SUR QUOI, L’ORDONNANCE SUIVANTE A ETE RENDUE :
EXPOSE DU LITIGE
Par acte signé le 11 avril 2023 et ayant pris effet le 1er mai 2023, ACM HABITAT a donné à bail à Madame [G] [V] un immeuble à usage d’habitation situé [Adresse 2], moyennant un loyer mensuel initial de 590,12 euros, outre une provision mensuelle sur charges de 76,35 euros.
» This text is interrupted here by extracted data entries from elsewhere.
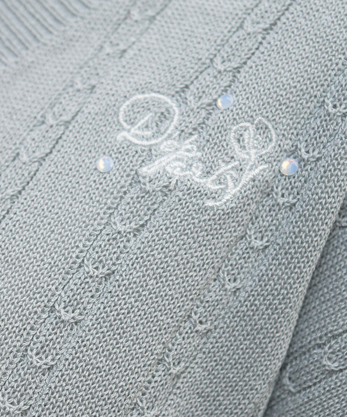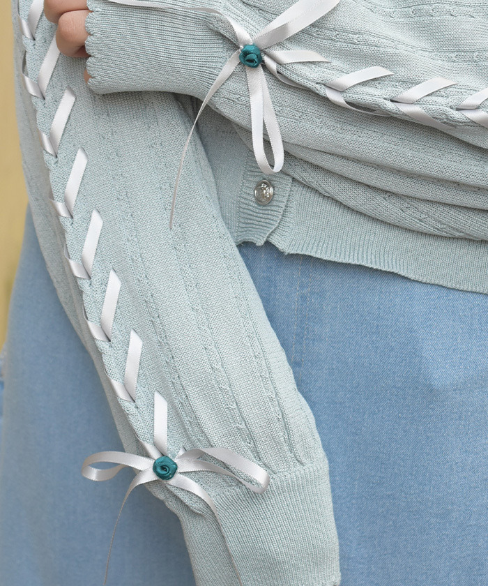【設計】 袖子採用緞帶穿繩綁帶設計,增添細節感與造型亮點。 緞帶中央點綴玫瑰裝飾,提升整體甜美氛圍。 胸前繡有一朵甜豌豆刺繡,低調中帶有精緻感。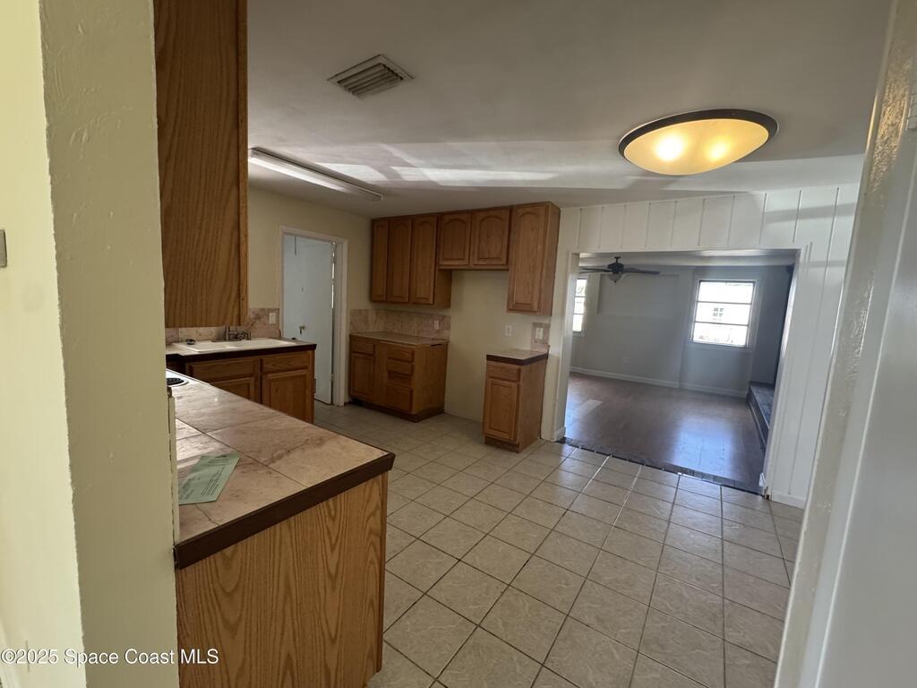 Situated on a spacious corner lot at Milton and Hood, this 3-bedroom, 2-bath home offers a wonderful opportunity to make it your own. The living and dining areas provide plenty of natural light, creating a welcoming atmosphere with great potential for a modern refresh. The corner location adds extra yard space and privacy, complemented by mature trees and classic Florida charm. While updates are needed, this property is ideal for those seeking a project with solid bones in a well-established Titusville neighborhood. Conveniently located near shopping, dining, schools, and just a short drive to the Indian River and Kennedy Space Center.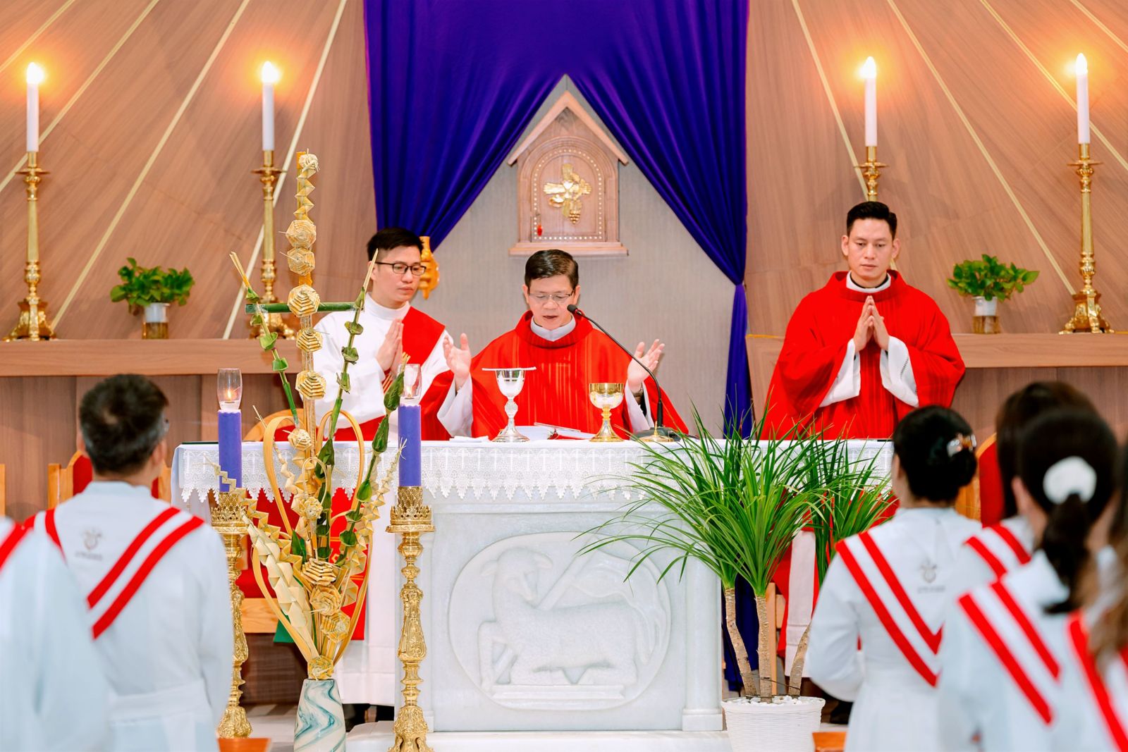 Sau cuộc rước, Thánh lễ Chúa nhật Lễ Lá được cử hành do Cha Giám đốc Trụ sở Giáo phận Thái Bình – miền Nam, cha Phêrô Verona Phạm Văn Nhật, chủ tế; cùng đồng tế có quý cha đang tu học tại Trụ sở và thầy phó tế. Mở đầu Thánh lễ, cha chủ tế mời gọi cộng đoàn không chỉ tưởng niệm một biến cố lịch sử, nhưng biết sống mầu nhiệm Lễ Lá trong hiện tại: đón nhận Đức Kitô vào tâm hồn và trung thành bước theo Người trên hành trình Vượt Qua – hành trình đi qua đau khổ để tiến tới vinh quang Phục Sinh.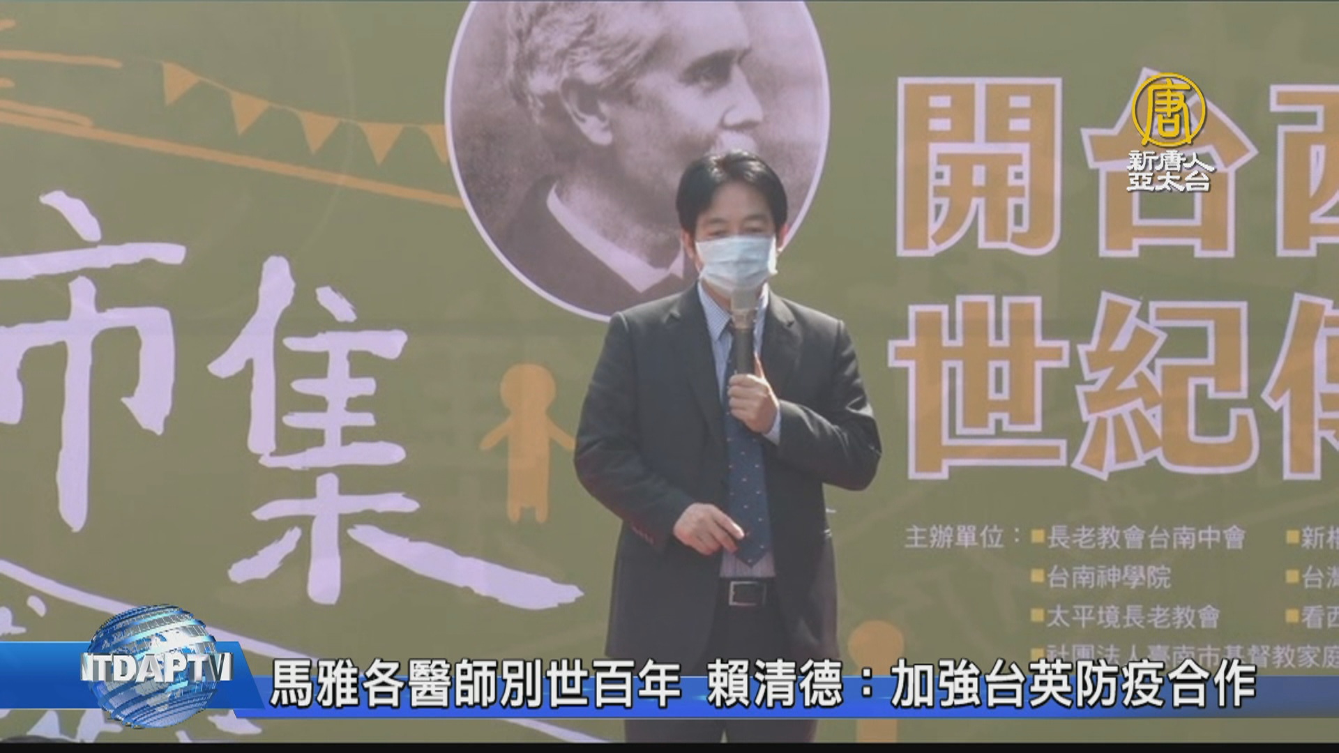 【新唐人亞太台 2021 年 03 月 06 日訊】副總統賴清德今(6)日在台南出席「馬雅各醫師別世百週年紀念活動」,馬雅各是英國長老教會派遣的第一位駐台醫療宣教師。賴清德表示,感念馬雅各醫師,台灣要加強與英國合作,共同防疫。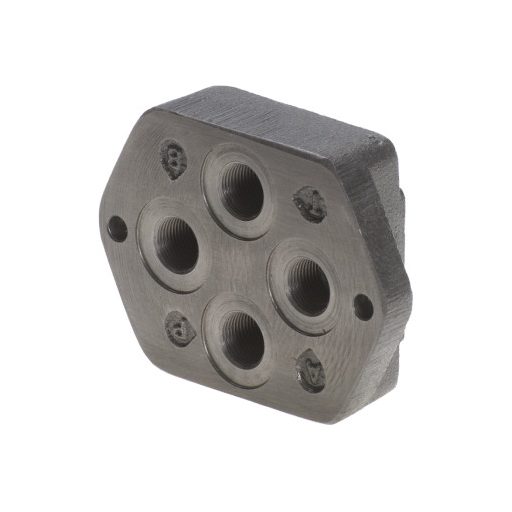 The PBKV-6-38TV is a cast steel subplate designed for NG6 directional control valves, with P and T ports in vertical (top) configuration – which in many cases allows a more favorable piping arrangement. The A and B work ports are also positioned vertically. The 3/8" BSP thread size fits the most commonly used piping systems, with a maximum operating pressure of 350 bar. The design is without a pressure relief valve, so system pressure protection can be achieved with an external element. The subplate directly accepts the NG6 standard directional control valve, with M5 mounting bolts.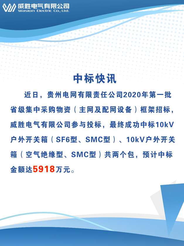 2020年4月22日,貴州電網(wǎng)有限責(zé)任公司2020年第一批省級(jí)集中采購(gòu)物資(主網(wǎng)及配網(wǎng)設(shè)備)框架招標(biāo),威勝電氣有限公司參與投標(biāo),最終中標(biāo)10kV戶外開關(guān)箱(SF6型、SMC型)、10kV戶外開關(guān)箱(空氣絕緣型、SMC型),預(yù)計(jì)中標(biāo)金額達(dá)5918萬(wàn)元。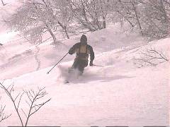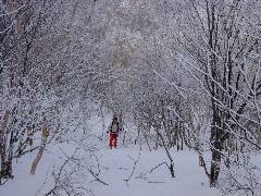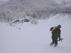 ここまでスキーを担ぎ上げた約2名、短いコースですが新雪を少しだけ楽しめました。 |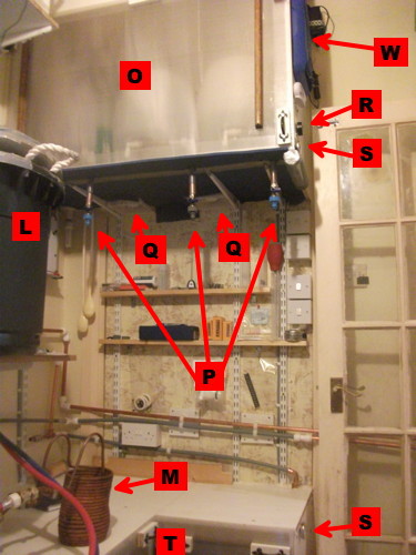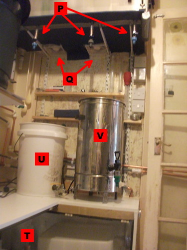 These are my two elderly boilers: a polypropene "Electrim" bin (U) and a venerable "Burco" boiler (V) that I've had since my university days (and it wasn't new even then!).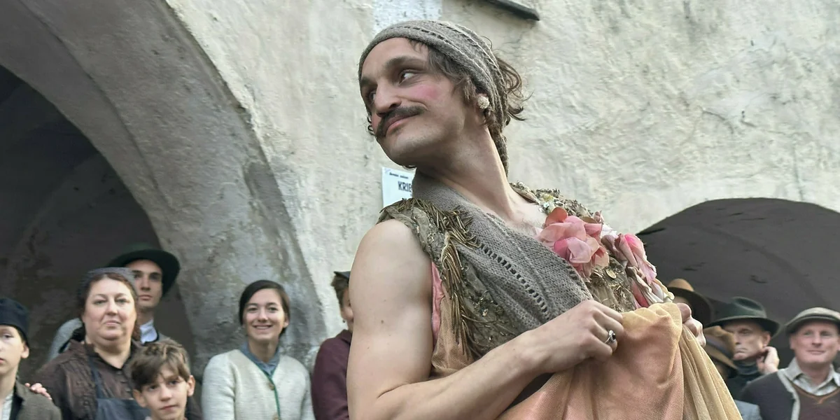 Fast hundert Minuten länger als „Daaaaaali!“ und damit von knapp drei Stunden Dauer ist Giorgio Dirittis Wettbewerbsfilm „Lubo“, der wahre Begebenheiten aus der Schweiz in einer fiktiven Form präsentiert. Franz Rogowski spielt darin Lubo Moser, einen Jenischen, die ihrer nomadischen Lebensweise wegen von den anderen Schweizer Bürgern als „Zigeuner“ diskriminiert werden. Seine Familie ernährt er als Unterhaltungskünstler, zu Beginn des Films tanzt er in einem Bärenkostüm, dem er kurz darauf geschminkt und in Frauenkleidern entsteigt.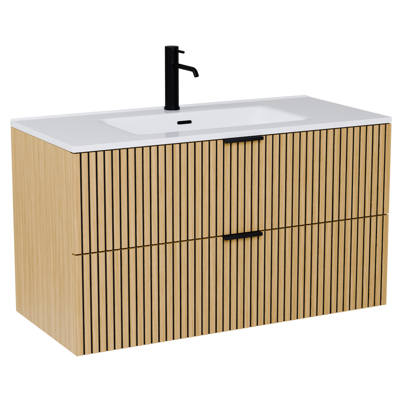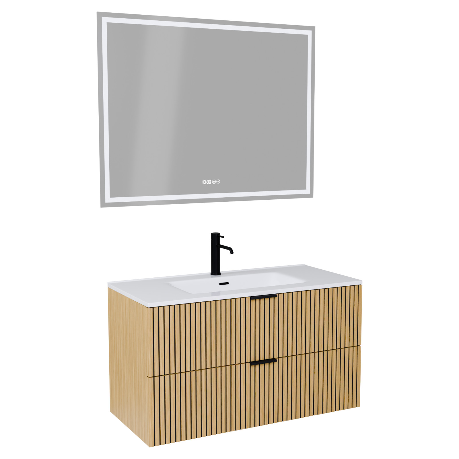 Saját márkás 100 cm széles komplett fürdőszoba bútor fali mosdószekrénnyel hikoridió színben, bordázott hikoridió színű fiók fronttal, matt fekete fogantyúkkal, fényes fehér slim mosdóval és fali okos LED tükörrel.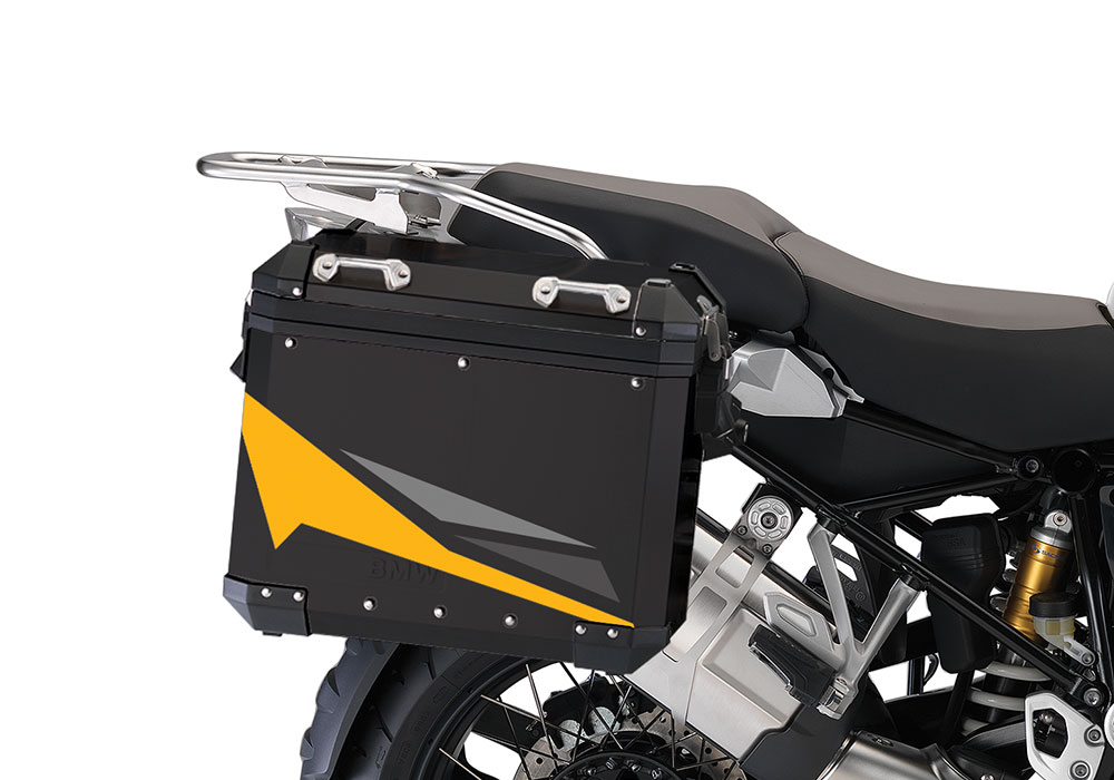 BMW Black Aluminum Side Panniers Alive Yellow & Grey Stickers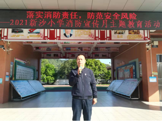 消防安全是校園安全的重要組成部分,為了進一步加強學生的消防安全知識,提高師生的安全意識和自救自護能力,切實保障師生在突發(fā)事件來臨時的生命安全,新沙小學于11月9日上午第一節(jié)課下課后舉行了消防安全疏散演練活動

La souscription d’une assurance n’ayant pas été justifiée et des loyers étant demeurés impayés, ACM HABITAT a fait signifier à Madame [G] [V], par acte de commissaire de justice en date du 6 septembre 2024, un commandement d’avoir à justifier d’une assurance et de payer la somme principale de 1 315,55 euros, au titre des loyers et provisions sur charges impayés, arrêté à la date du 4 septembre 2024, et visant la clause résolutoire prévue au bail.
***
Par acte de commissaire de justice signifié à étude le 13 novembre 2024, notifié au représentant de l’État dans le département, ACM HABITAT a fait assigner Madame [G] [V] pour l’audience du 18 mars 2024 devant le juge des contentieux de la protection du tribunal judiciaire de MONTPELLIER, statuant en référé, et demande, notamment sur le fondement de la loi du 06 juillet 1989 :
— le constat de la résiliation du bail par le jeu de la clause résolutoire en raison du défaut d’assurance et des impayés locatifs,
— l’expulsion de Madame [G] [V] et de tous occupants de son chef, au besoin avec le concours de la force publique et d’un serrurier,
— la fixation de l’indemnité mensuelle d’occupation au montant des loyers, charges comprises et ce jusqu’au départ effectif des lieux, avec indexation et la condamnation de Madame [G] [V] au paiement de celle-ci,
— la condamnation de Madame [G] [V] à payer la somme de 1 315,55 euros à titre de provision correspondant aux loyers et charges impayés dus, outre intérêts de droit, somme à parfaire au jour de l’audience,
— la condamnation de Madame [G] [V] aux entiers dépens et à payer la somme de 400 euros au titre de l’article 700 du code de procédure civile.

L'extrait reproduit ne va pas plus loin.